Hand back, word for word, the lines from the one containing "Sản phẩm có" to the end of the records, both included, and leave out pictures.

* [RECORDS PROVIDED]:
<<<<

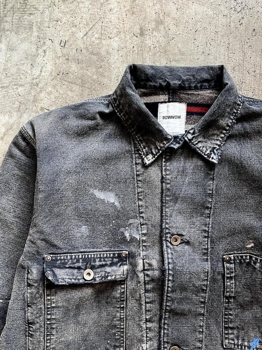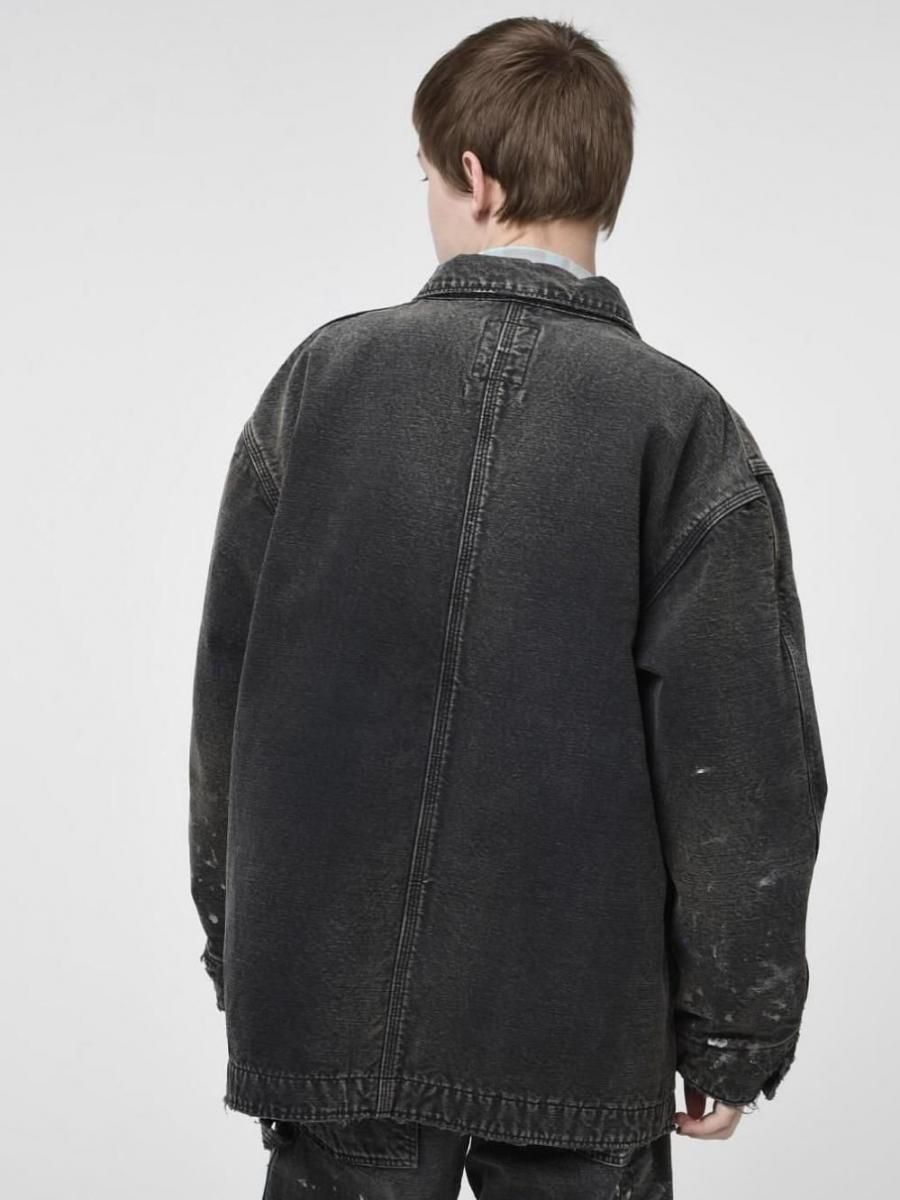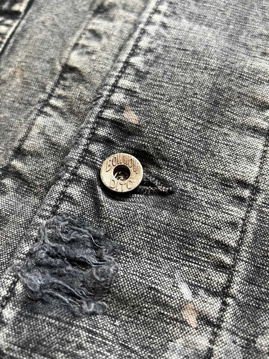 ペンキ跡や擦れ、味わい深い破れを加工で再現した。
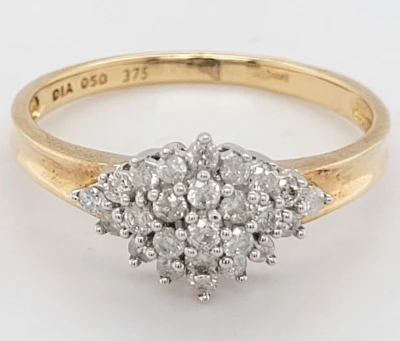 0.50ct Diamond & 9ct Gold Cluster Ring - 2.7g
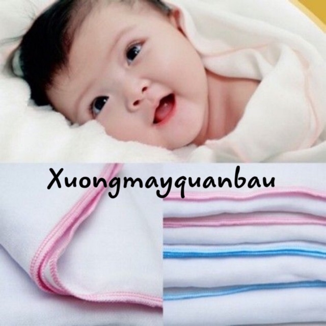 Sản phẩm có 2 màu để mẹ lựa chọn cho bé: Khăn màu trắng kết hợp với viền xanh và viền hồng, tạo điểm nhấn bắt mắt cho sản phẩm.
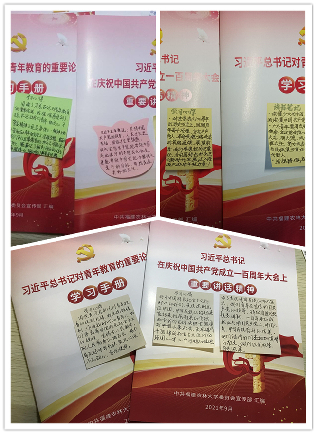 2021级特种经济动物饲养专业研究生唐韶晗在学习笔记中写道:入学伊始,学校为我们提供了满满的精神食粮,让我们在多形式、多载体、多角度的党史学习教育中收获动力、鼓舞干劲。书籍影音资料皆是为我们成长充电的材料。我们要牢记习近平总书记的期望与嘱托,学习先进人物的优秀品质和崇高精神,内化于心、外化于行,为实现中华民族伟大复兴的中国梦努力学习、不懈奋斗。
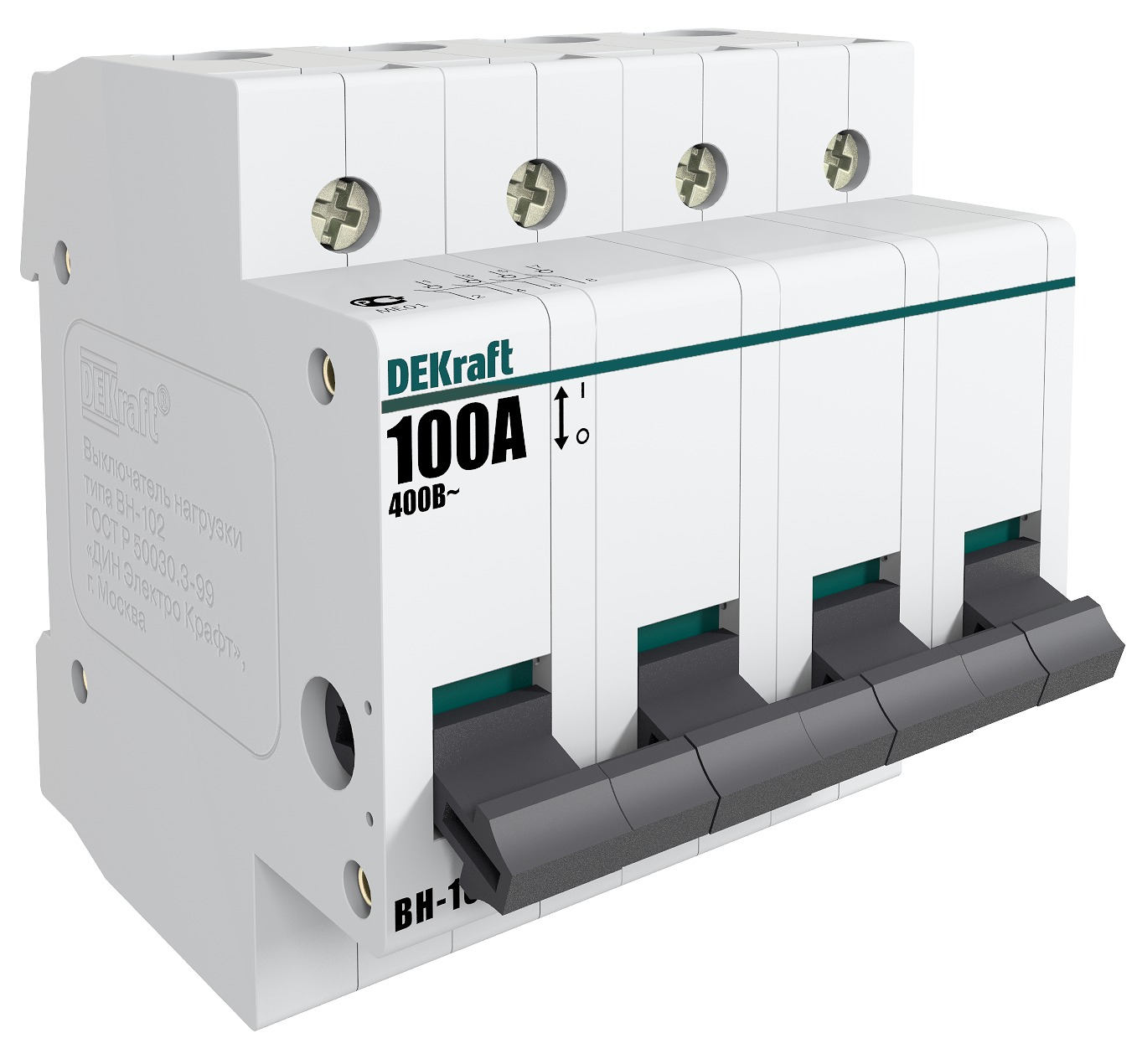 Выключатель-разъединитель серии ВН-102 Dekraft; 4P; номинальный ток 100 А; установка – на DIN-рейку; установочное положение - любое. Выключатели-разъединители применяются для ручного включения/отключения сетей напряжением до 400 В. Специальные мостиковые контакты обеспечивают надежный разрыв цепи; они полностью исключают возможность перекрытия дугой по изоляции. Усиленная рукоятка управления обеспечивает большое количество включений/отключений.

>>>>

* [THE ANSWER]:
 Sản phẩm có 2 màu để mẹ lựa chọn cho bé: Khăn màu trắng kết hợp với viền xanh và viền hồng, tạo điểm nhấn bắt mắt cho sản phẩm.
 2021级特种经济动物饲养专业研究生唐韶晗在学习笔记中写道:入学伊始,学校为我们提供了满满的精神食粮,让我们在多形式、多载体、多角度的党史学习教育中收获动力、鼓舞干劲。书籍影音资料皆是为我们成长充电的材料。我们要牢记习近平总书记的期望与嘱托,学习先进人物的优秀品质和崇高精神,内化于心、外化于行,为实现中华民族伟大复兴的中国梦努力学习、不懈奋斗。
 Выключатель-разъединитель серии ВН-102 Dekraft; 4P; номинальный ток 100 А; установка – на DIN-рейку; установочное положение - любое. Выключатели-разъединители применяются для ручного включения/отключения сетей напряжением до 400 В. Специальные мостиковые контакты обеспечивают надежный разрыв цепи; они полностью исключают возможность перекрытия дугой по изоляции. Усиленная рукоятка управления обеспечивает большое количество включений/отключений.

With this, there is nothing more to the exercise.